What do we mean by structure from motion
Structure from motion is an algorithm for reconstructing 3D structures and projection matrices from multiple views from fixed points.
Explain the main principles of how we can estimate dense depth maps from multiple images using plane sweep.
- Map each image to a reference image for several different depths.
- Compute the similarity between each image and the reference image using ZNCC(Zero mean Normalized Cross Correlation).
- Combine the results from each view by summing the scores.
- Chose the depth which fits best.
(The dept plane normal doesn’t have to fit with the reference image z. It can, for example, be Ground normal))
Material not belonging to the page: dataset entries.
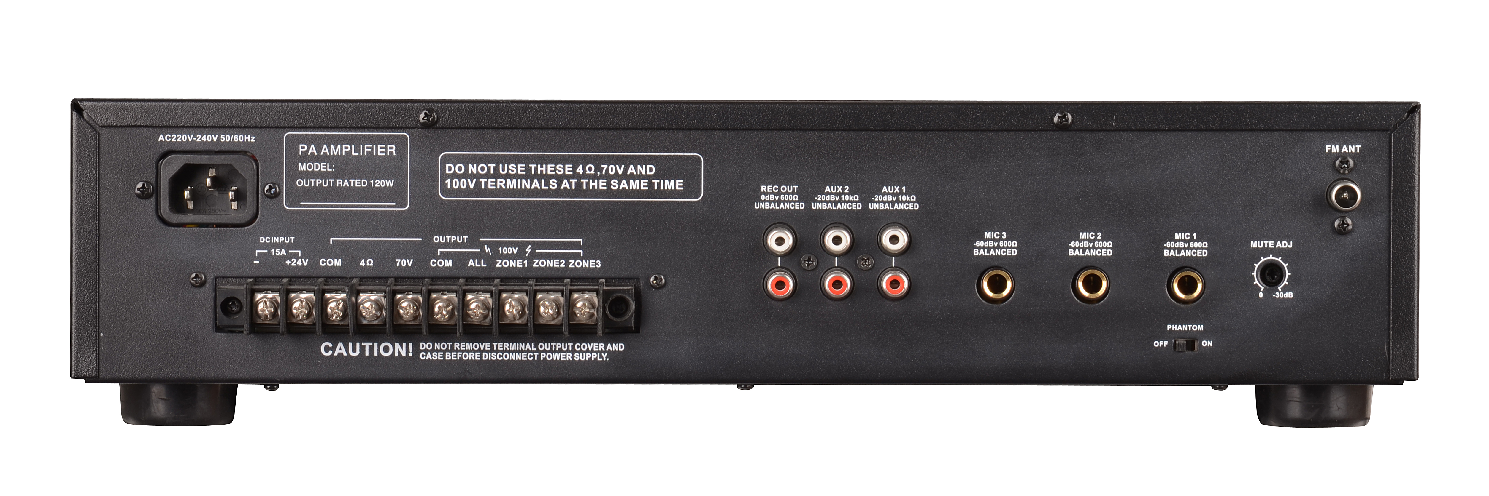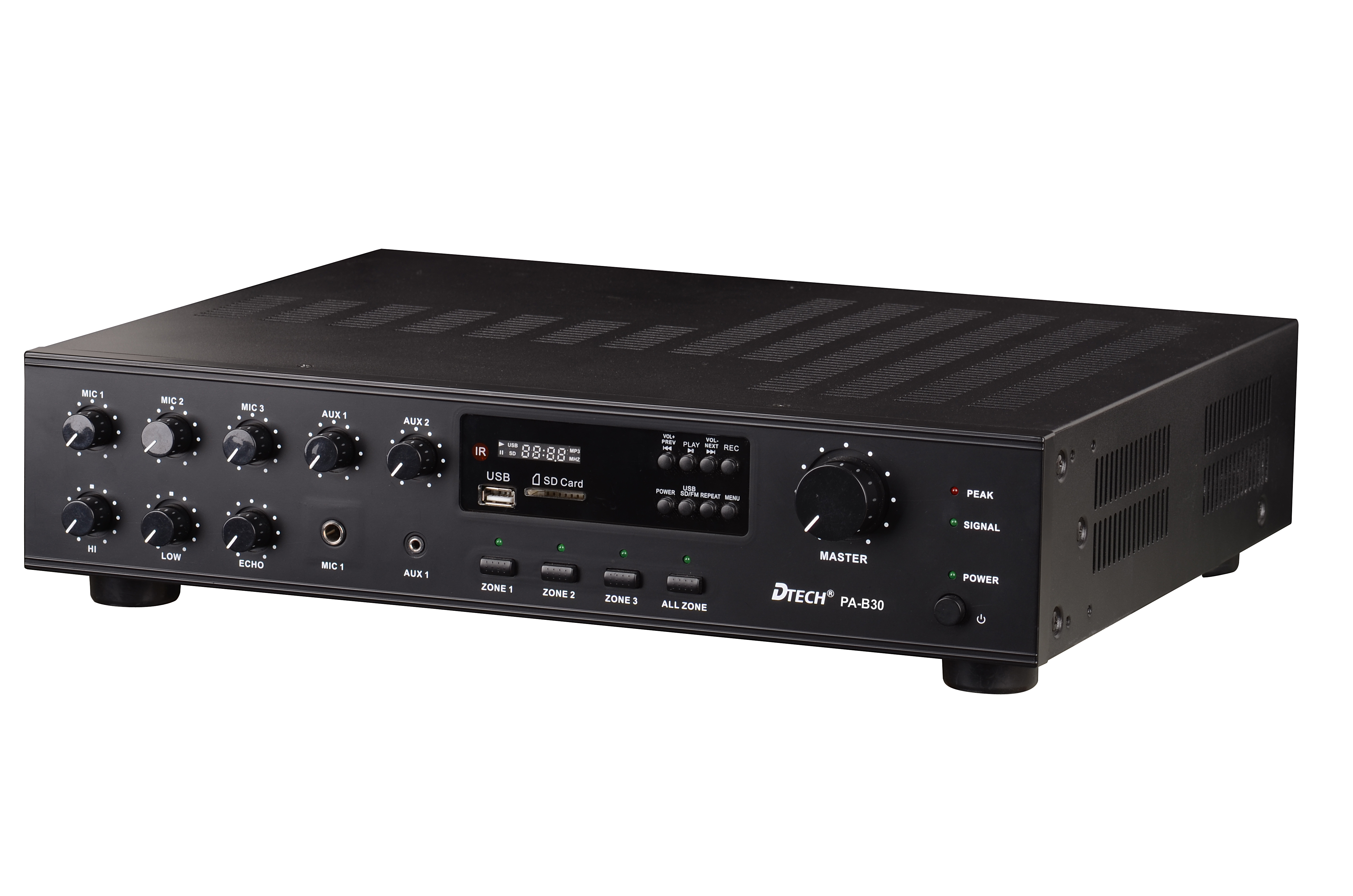 The B serial amplifier is a high cost-performance mixer power amplifier suited for broadcasting paging or background music in schools, offices, shops, factories, mosques, churches and large rooms.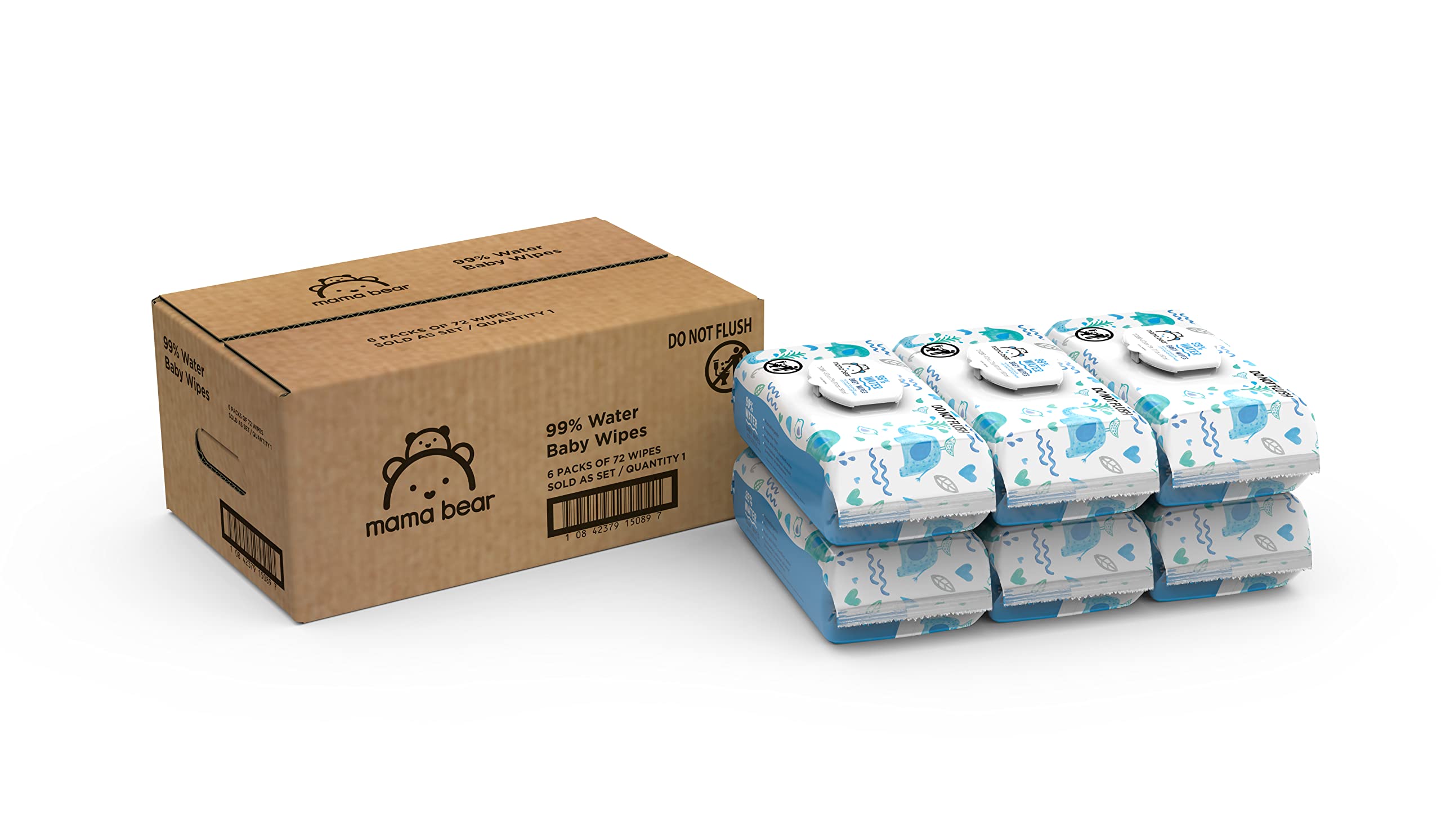Amazon Brand - Mama Bear 99% Water Baby Wipes, Hypoallergenic, Fragrance Free, Full Pallet, 51840 Count (720 Packs of 72)
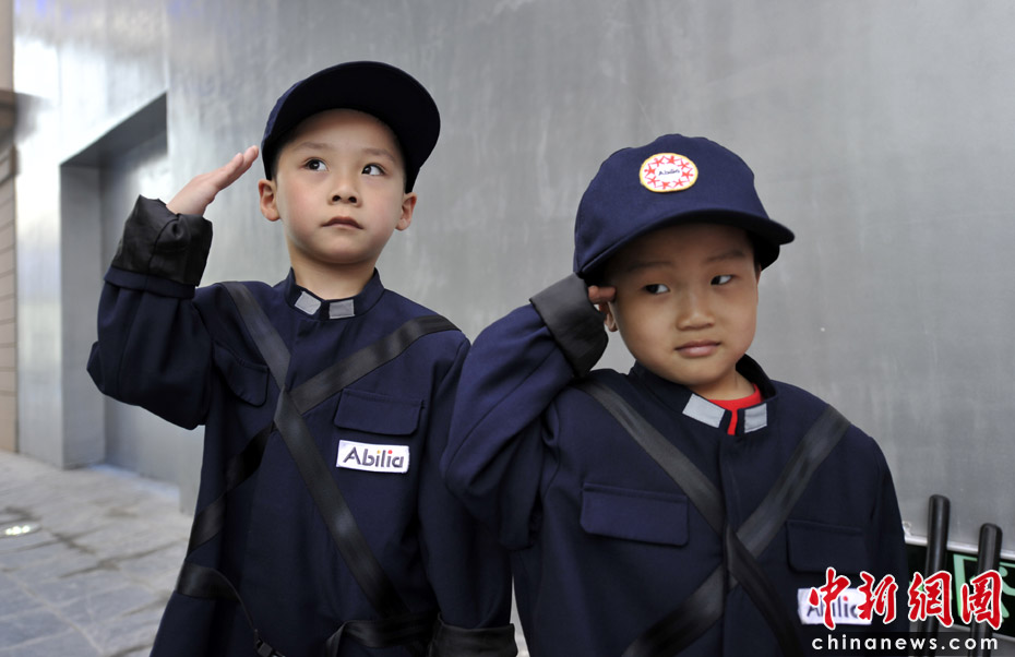 图为孩子体验做警察。 中新网记者 王红纲 摄

If an infinite line doesn’t have a vanishing point, what do we know about the orientation of the line?
The lines are parallel to the image plane ( or equivalent perpendicular to the optical axis).
Assume that you have a straight and level camera. One vertical structure is exactly the same height as the vanishing line for the horizontal plane in the image plane. What is the real height of the vertical structure?
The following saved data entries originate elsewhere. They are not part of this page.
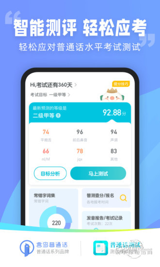 千万用户口碑推荐产品,普通话等级考试一站通关神器!普通话测试APP,言鸟普通话品牌旗下产品,为准备全国普通话水平测试考试的用户服务。【2000万普友的选择】无论你是想要考取教师资格证,还是播音主持、配音表演等与声音密切有关的职业,都需要普通话等级证书和流利标准的普通话。2022年一起考教师,通过普通话二级甲等、一级乙等就是这么简单,说一口流利普通话! 1.普通话发音测试普通话测试APP功能,纠正发音巩固练习,提高普通话学习效率。全真试题,AI智能语音技术模拟正式普通话考试,为参加普通话水平测试打好基础。 2.普通话测试,发音练习,取长补短测试都附有错误分析,帮你指出普通话发音及口音问题。还有“常错字词集” 3.普通话分数排行榜系统依据拼音声调读音、声母、韵母、轻声词、儿话词等综合统计出普通话测试分数排行榜,排名前列的用户将获得普通话课程等奖励。 4.普通话练习社区普通话测试APP社区玩法升级,短文朗读、命题说话、考试经验、练绕口令、教资考试等多个普通话学习版块,分享和交流普通话学习客服qq:947348662 微信服务号:言鸟普通话(yanniaoputonghua)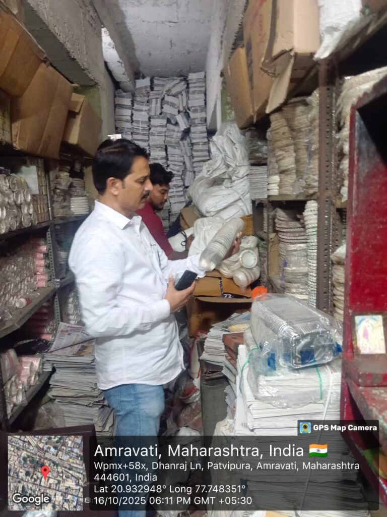 अमरावती महानगरपालिकेतर्फे स्वच्छता आणि पर्यावरण संरक्षणाच्या उद्देशाने राबविण्यात येत असलेल्या प्लास्टिक बंदी मोहिमेला गती देण्यात आली आहे. आयुक्त सौम्या शर्मा चांडक यांच्या निर्देशानुसार आणि अतिरिक्त आयुक्त शिल्पा नाईक यांच्या मार्गदर्शनाखाली १६ आणि १७ ऑक्टोबर २०२५ रोजी सक्करसाथ आणि सराफा परिसरात मोठ्या प्रमाणावर जप्ती मोहीम राबविण्यात आली.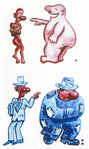 《人不可貌相》除了阐释一个世间公认的一个观念外,还揭示了一个不易被察觉的问题。仔细阅读画面,我们会发现,两个环境下,强势者都在嘲笑弱势者。这样的笑,从创作角度增加了喜剧效果;从阅读角度,又引发了一个社会问题,那就是宽容与理解。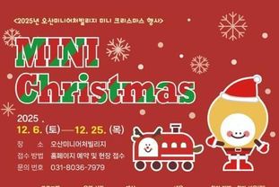 태산뉴스 김준수 기자 | 오산시는 12월을 맞아 ‘미니 크리스마스’ 행사를 오는 12월 6일부터 25일까지 17일간 오산미니어처빌리지에서 개최한다고 밝혔다. 행사는 오전 10시부터 오후 6시까지 진행되며, 크리스마스를 주제로 전 연령이 함께 즐길 수 있는 전시와 체험 프로그램 등 풍성한 콘텐츠가 마련된다.

The same as the height of the camera.
Assume we have a straight and level camera. In the image plane, there are two vertical infinite lines without a vanishing point. We then tilt the camera upwards. What happens to the lines regarding vanishing points, and what happens to the horizontal vanishing line?
The lines will get a vanishing point above the camera. The horizontal vanishing line will shift downwards.
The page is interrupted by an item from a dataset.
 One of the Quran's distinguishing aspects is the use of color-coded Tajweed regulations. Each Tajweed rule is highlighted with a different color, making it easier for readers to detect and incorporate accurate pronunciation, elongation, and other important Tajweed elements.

Name at least one bundle adjustment library
GTSAM, RealityCapture, SBA, Ceres, Bundler…
Describe how to estimate camera pose when we have a single view of a planar world scene, and known H and K.
- u = K[r1, r2, r3, t]x
- H = K[r1, r2, t]
- [r1, r2, t]= (to scale) K^-1 * H = M
- [r1, r2, t] = +/- lambda * M
- r3 = +/-(r1 x r2)
- r3 sign is choosen so that det(R) = 1
- Choose the solution where camera is over the scene ,